Festival des Petites Eglises 2018: Feu d’artifice final à Arreau avec le Café de Maurizi

C’est devant un public enthousiaste et après 3 longs bis, que la saison 2018 du Festival s’est achevée mardi 21 août dans l’église paroissiale d’Arreau avec le sextuor: Café de Maurizi.

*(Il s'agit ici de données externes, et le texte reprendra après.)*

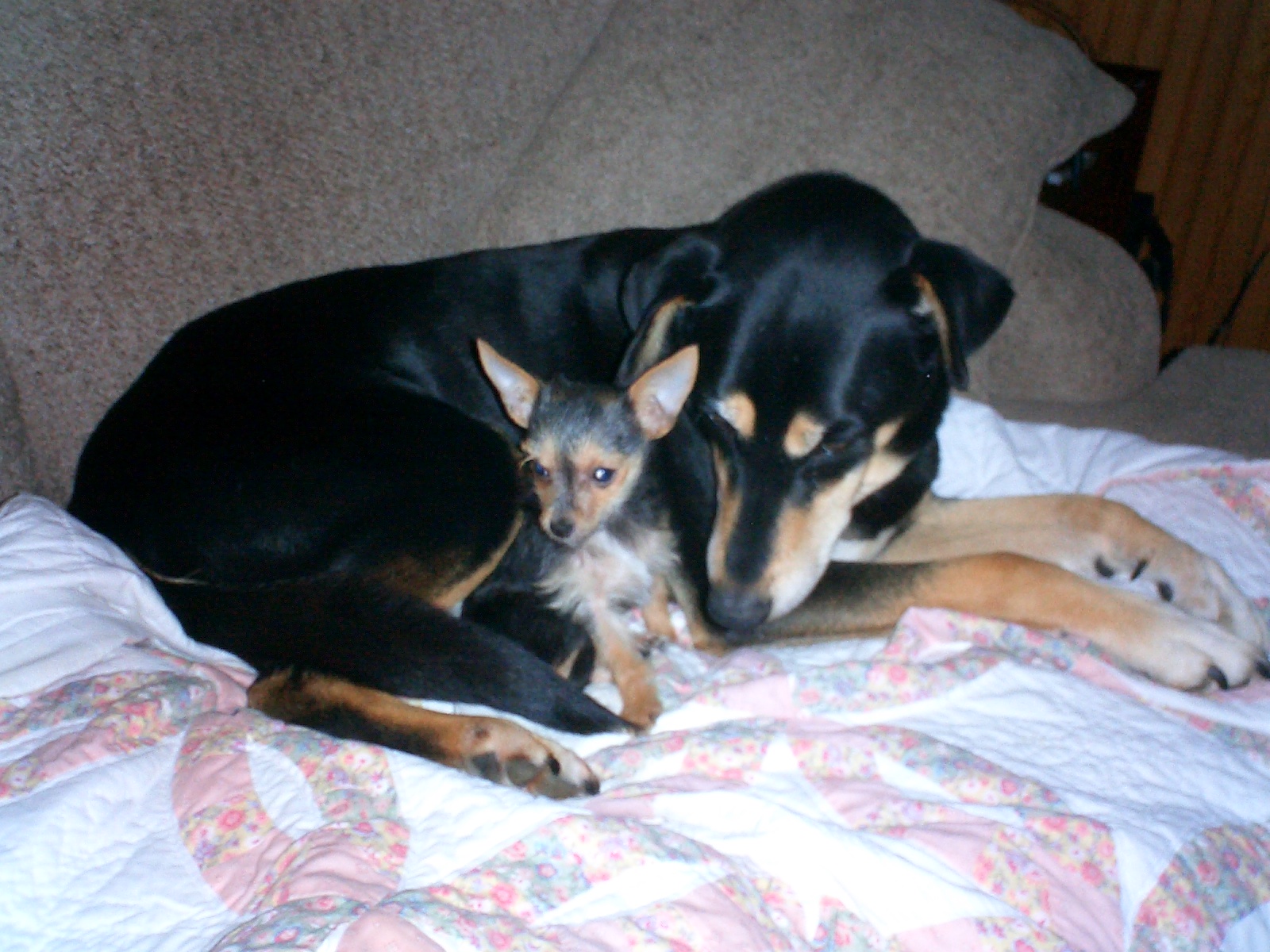 There is no way that we slept in until 8:00, but that is exactly what happened. Usually, we are up 2 hours earlier, either by the cricket alarm or the Chimmie/Chip alarm. Today, there wasn't even a peep until Chim started whining to go out. It's a good thing Linda's first class wasn't until 10:30! She planned on shampooing the carpet this morning before class and Noah came at noon, but all she had time for was a good vacuum and scrubbing the tile floors. Oh well, if Noah does not come over today she'll do the carpets when she gets home from class. I'm no longer allowed to spend the day alone in her bedroom since she has a sneaking suspicion that it was me who peed on the carpet yesterday.

Ecoutez les premiers titres du concert :

Cette formation complète en sextuor réunit le célèbre Duo formé par Celine et Éric Lesage, 1er violon et piano, avec leur très jeune et déjà brillante fille Clarisse au violoncelle , Jean-Louis Ladagnous à la contrebasse, Jean-Philippe Battedou, 2ème violon, et la grande surprise pour notre public était la jeune cantatrice (mezzo soprano) Christelle Gouffé, un régal de charme et de fraîcheur, une voix d’un timbre délicieusement suave, pure et naturelle!
Le compositeur Eugène Oreste de Maurizi et son expérience unique ont été présentés par Mylène Dubiau (professeur de Musicologie, Université Toulouse II), car l’essentiel de ce programme original était en effet consacré à ce musicien qui a recueilli et transposé des mélodies populaires de Transylvanie, avec toutefois une exception pour Johann Strauss (La Chauve Souris) et Franz Lehar (l’Amour Tzigane). L’extrême virtuosité des musiciens n’avait d’égale que l’envol des notes aériennes de la chanteuse…tout cela pour nous transporter dans l’atmosphère joyeuse des Cafés de Vienne et de Budapest à la Belle Époque!!!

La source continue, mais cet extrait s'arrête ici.